The company has 1.7 million carbon credits from Rwanda sitting in inventory, with the fieldwork for the next issuance set to be submitted to Verra for review in the near term.
The India reforestation project only requires an additional $3.3 million of capex. Vietnam and Rwanda do not require any further investment. So, nearly all capital commitments have been fulfilled for the company’s existing projects.
The reforestation project has now planted 6.5 million trees. According to previous guidance, the India project would start generating carbon credits in Q1 2025.
Base has not announced an investment in a new carbon project since August 2023. We can take this as a testament to either:
Management is extremely careful about what they choose to invest in.
Or there aren’t many great carbon projects to get involved with. It might be a bit of both.
Once again, management has emphasized that they’re looking into biochar, having looked at over 100 opportunities. We’ll see if anything pans out there.
CORSIA Uncertainty
I was waiting to hear more clarification about this situation before posting about it, but it seems we will not get more details on next steps until later.
On December 12th, it was announced that ICAO approved Verra for CORSIA eligibility but did not approve most existing cookstove projects, among some other project types.
The international system overseeing carbon emissions in the aviation industry, CORSIA, will likely play a significant role in carbon markets over time. Inclusion in this program would allow your carbon credits to garner a significant pricing premium.
For reference, according to Viridios, the vast majority of cookstove carbon credits trade for $4-8 per ton. Compare that to a recent block trade between Mercuria and HNK Alpha, which was done for 50 lots of CORSIA Phase 1 carbon credits at $24 per ton…
The pricing differential is immense. CORSIA is heavily undersupplied at the moment.
This decision to not allow the cookstove methodology negatively impacts both the Vietnam and Rwanda projects, which are currently using Verra’s VMR0006 cookstove crediting methodology.
But that doesn’t necessarily mean Base got screwed…

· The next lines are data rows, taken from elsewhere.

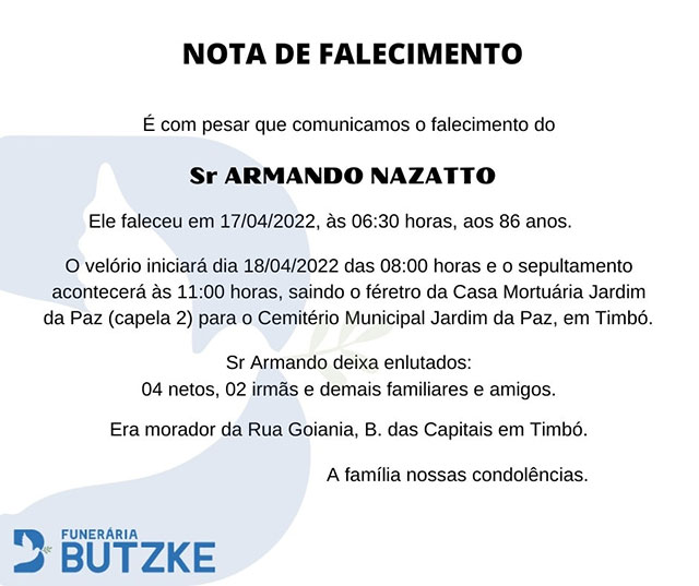 O velório terá início dia 18/04/2022 às 11:00 horas e o sepultamento acontecerá às 15:00 horas, saindo o féretro da Casa Mortuária Jardim da Paz (capela 1), para o Cemitério Municipal Jardim da Paz, em Timbó.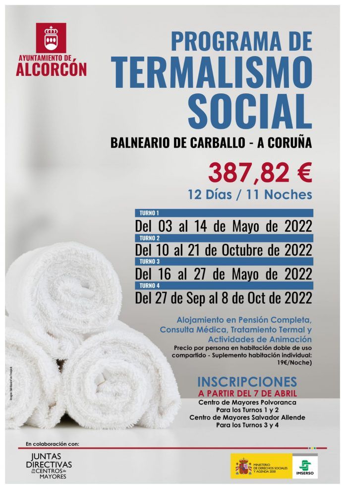 Un total de 220 personas mayores de la localidad madrileña de Alcorcón podrán beneficiarse del Programa de Termalismo gracias al Ayuntamiento del municipio. Los turnos se distribuirán durante los meses de mayo, septiembre y octubre y se desarrollarán en el Balneario de Carballo, en La Coruña, tal y como ha explicado Natalia de Andrés, la alcaldesa de Alcorcón, que ha recordado que “este programa se realiza en colaboración con el Imserso”.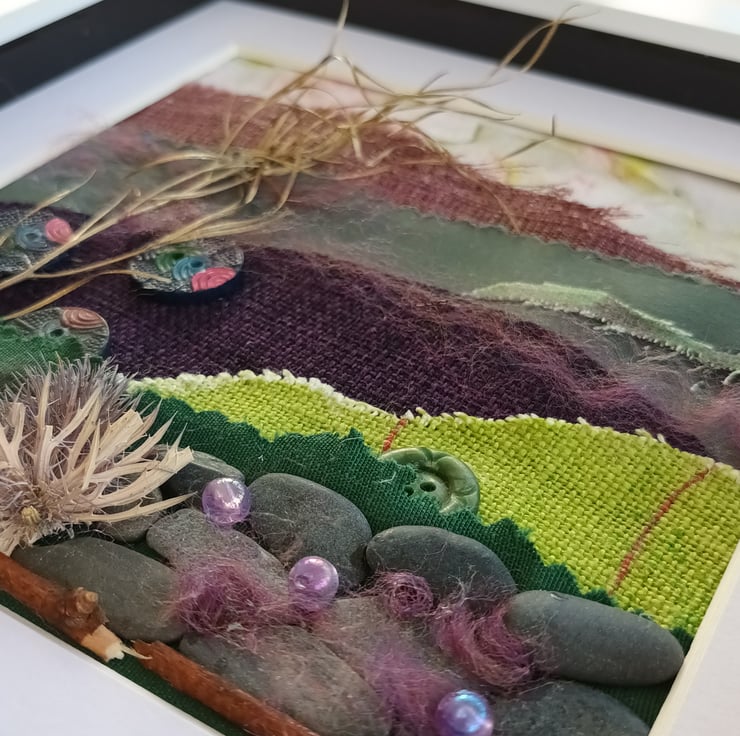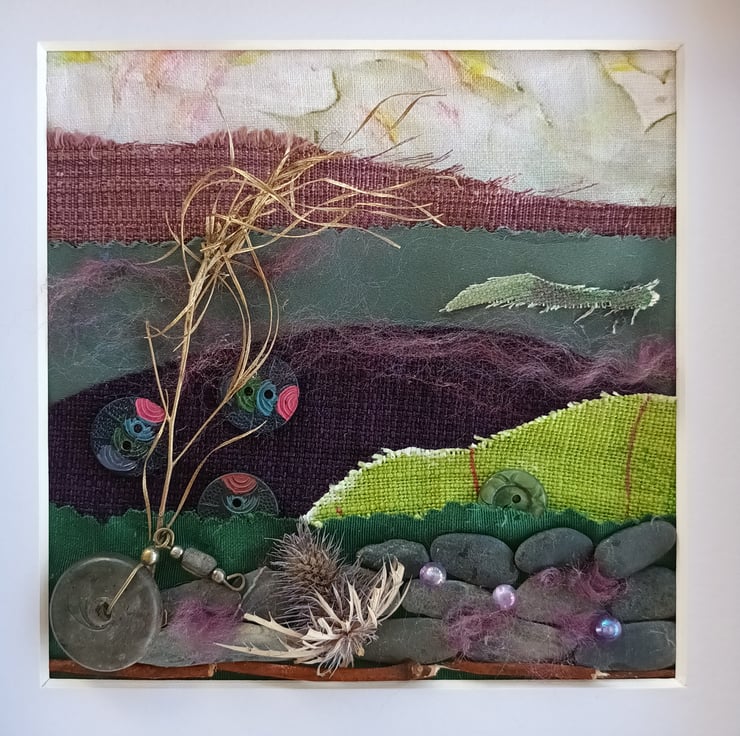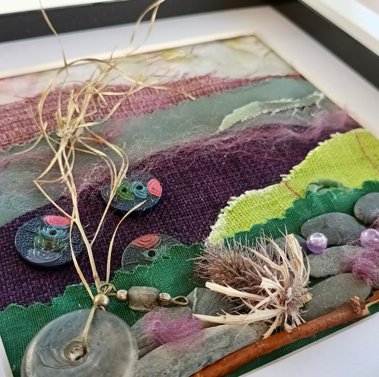 The dry stone wall is made with small pebbles from the beach, there's a dried thistle, and vintage buttons all mounted on remnant fabrics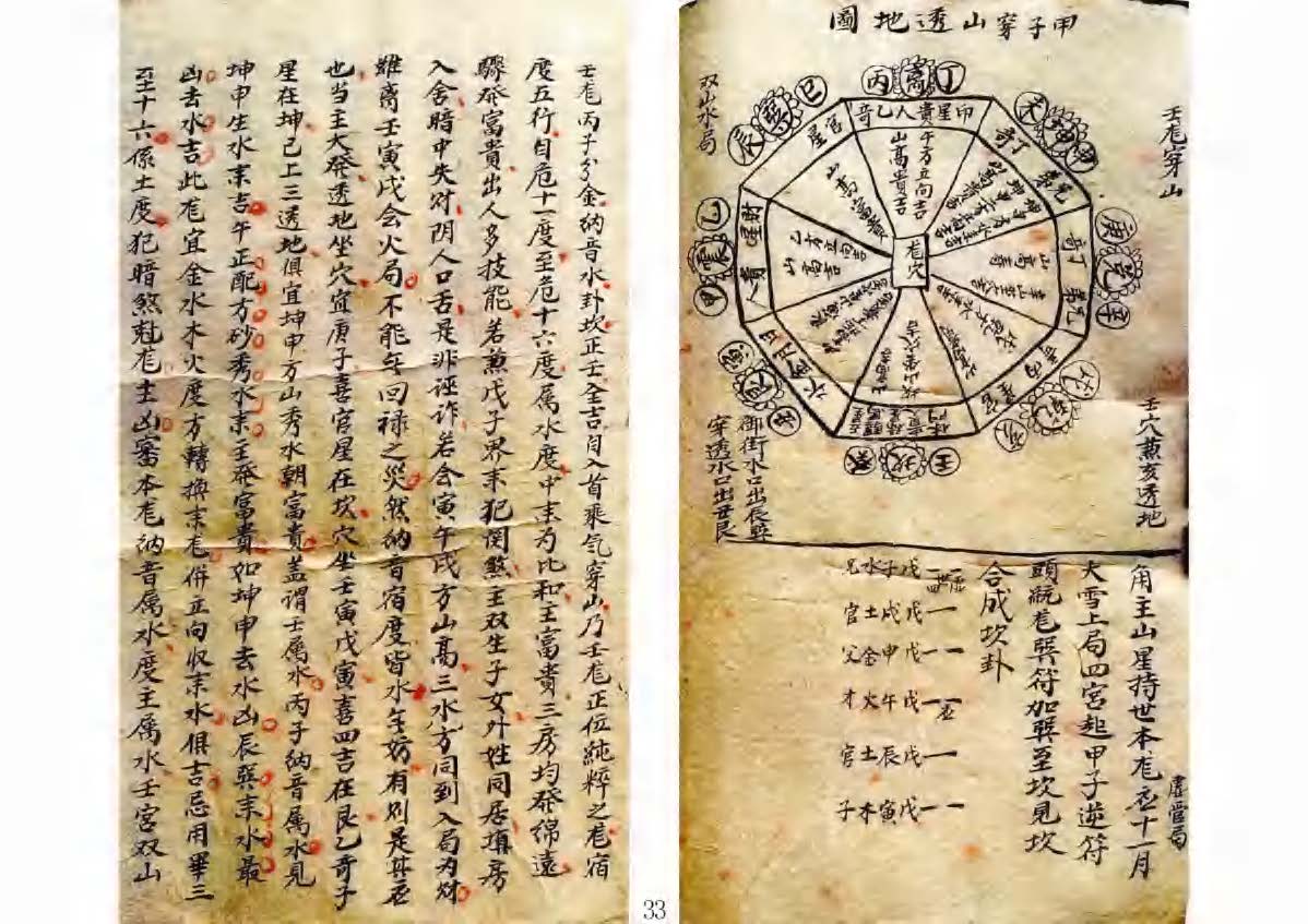 《杨公地命诀》,六十龙穿山透地有真传,清-江西徐正岳抄本,内容丰富,绘具图像数十种,全本共158个双面,合计316页。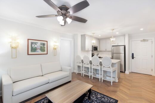 In addition to 850 square feet of space and room for up to six guests, the spacious Two-Bedroom Villa features a king bed in the master bedroom, a queen bed in the second bedroom, a sleeper sofa in the main living space, and a fully equipped kitchen.
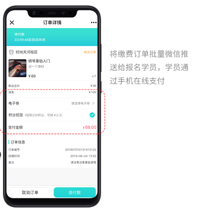 家长仅需扫描学校公众号二维码,即可在线浏览全部课程。将心仪的课程添加到购物车,一键结算,支持微信、支付宝、银行卡等多种支付方式,简单几步,即可完成购课。这种便捷的在线报名方式,不仅节省了家长到校排队的时间,也减轻了招生老师现场整理报名事宜的负担。让报名流程更加高效、顺畅,为家长和学校都带来了极大的便利。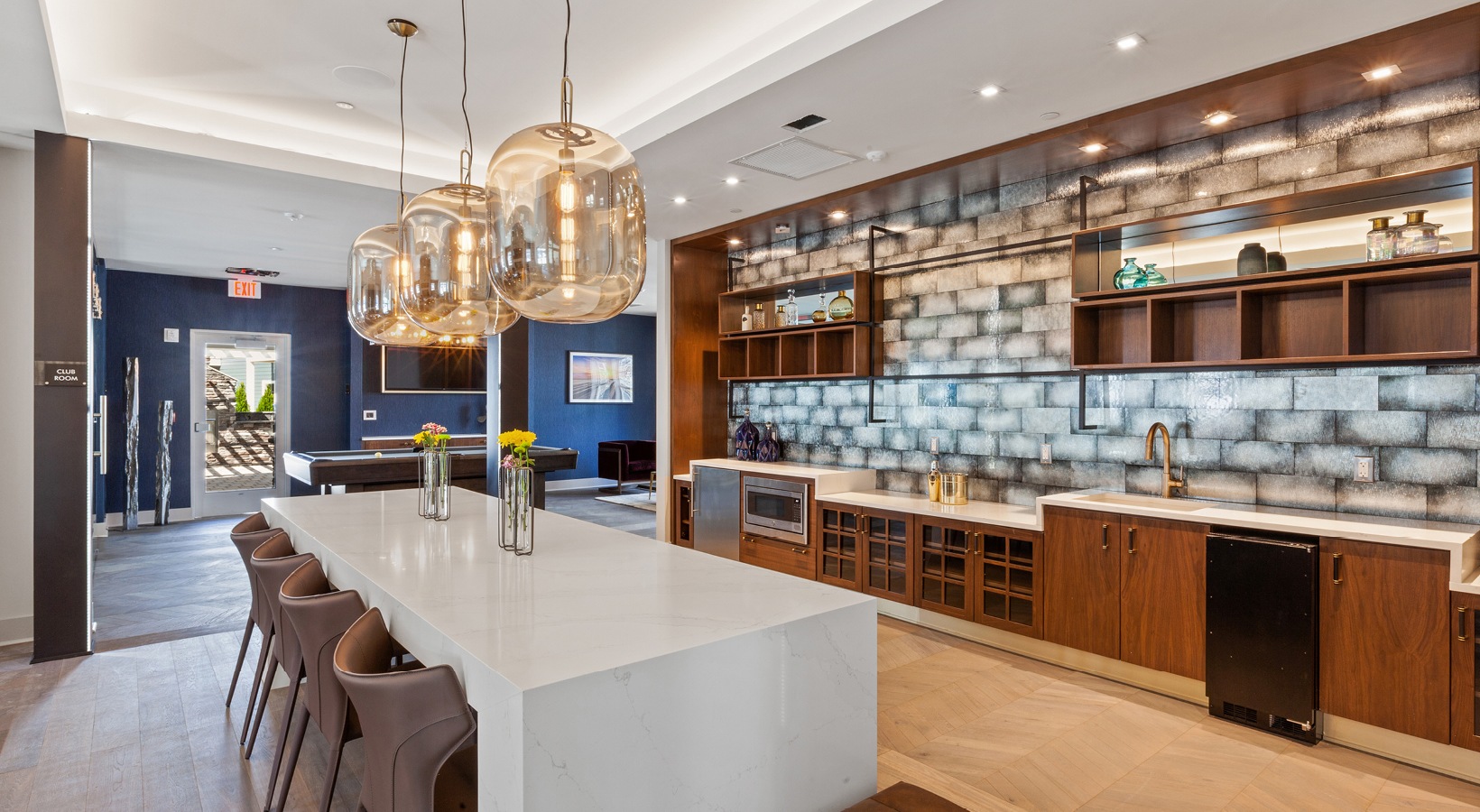 This project was for a small active Senior Living Community. The space was compact but we filled it with amenities that were both beautiful and useful. We wanted to create a high end feel to this clubroom. We used the warmth of the wood and the furnishings to make it feel like an extension of their homes. Accenting that with a unique glass backsplash and beautiful lighting, pushed this space into one worthy for gathering and entertaining.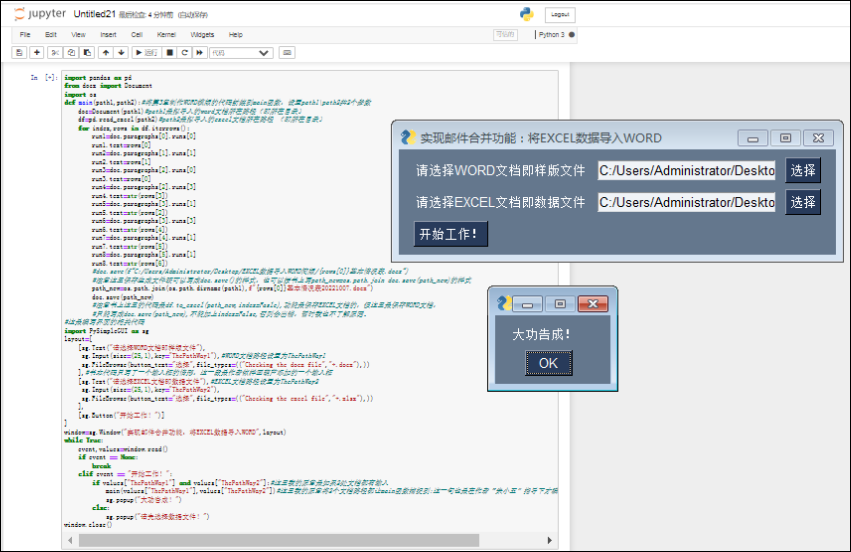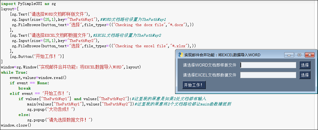 所以笔者本着编写程序窗口界面的目的,又学习了第十二章“Python图形界面开发” (P366)部分,并参照编写了一个自定义函数,将上述代码“封装”起来,原代码详见附件代码2之1。注意:本书P366样例的主函数中只有1个参数,但笔者写的主函数需要2个参数(导入WORD文档、EXCEL文档共2个文件),所以写的时候还是有点不踏实的,好在运行时没有差错(注:这时的运行代码只能检查代码有无基本错误问题,因为未导入文档,无法看到结果)。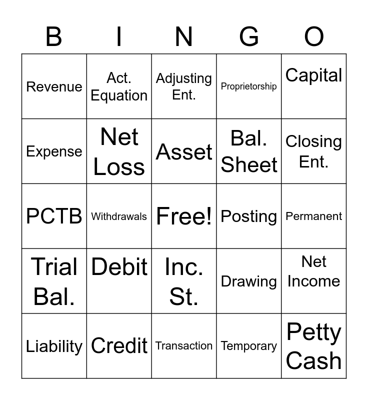 This bingo card has a free space and 24 words: Debit, Credit, Asset, Liability, Capital, Revenue, Expense, Act. Equation, Posting, Inc. St., Bal. Sheet, PCTB, Drawing, Net Income, Net Loss, Temporary, Permanent, Adjusting Ent., Closing Ent., Withdrawals, Petty Cash, Trial Bal., Proprietorship and Transaction.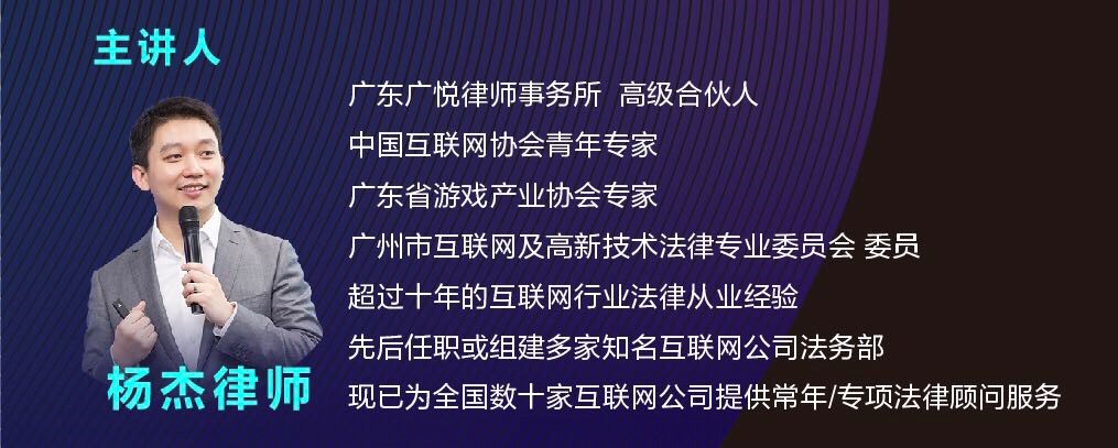 1、来自实践,反复打磨:杨杰律师团队专职互联网法律服务,在网络游戏、互联网平台服务等相关法律问题的处理上有着丰富的经验,沙龙内容都是其团队久经沙场总结出来的宝贵经验,带你全面深入了解游戏买量市场。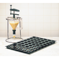 Portion Control Funnel, 16-1/2"H x 10"W x 8-5/8" dia., 1-1/2 quart capacity, automatic, portion calibrated up to 2/3 oz., resists temps. up to 250°F, includes chrome stand, dishwasher safe, polycarbonate, made in France

While VMR0006 isn’t allowed… Verra’s latest cookstove methodology, VM0050, is approved for use in the CORSIA scheme.
This means there’s still a path to Base’s credits being eligible for trading under the CORSIA platform.
It’s now up to the project developers SIPCO (Vietnam) and Del Agua (Rwanda) to decide if they want to take the time to qualify for the new methodology.
Also, remember that the number of credits issued to these projects will likely be lower if they decide to undergo more stringent requirements in VM0050. This is the same thing that happened when they originally transferred to the VMR0006 protocols.
The vast pricing differentials will likely justify swapping to the latest methodology. Still, it’s uncertain if the developers will decide to do it… and how long of a delay this will cause.
Personally, I remain optimistic, and I’m grateful to hear that Base still has a path to get included in CORSIA. Original media leaks made it sound like Base might not have had a path for inclusion at all.
Disclaimer: I’m long Base Carbon. I hold an equity position that was acquired at an average share price of $0.35. I was not compensated by the company to create this post.
The owner of Green Investing is not a licensed investment professional. Nothing produced under the Green Investing brand should be construed as investment advice. My content is made for entertainment and educational purposes. Do your own research.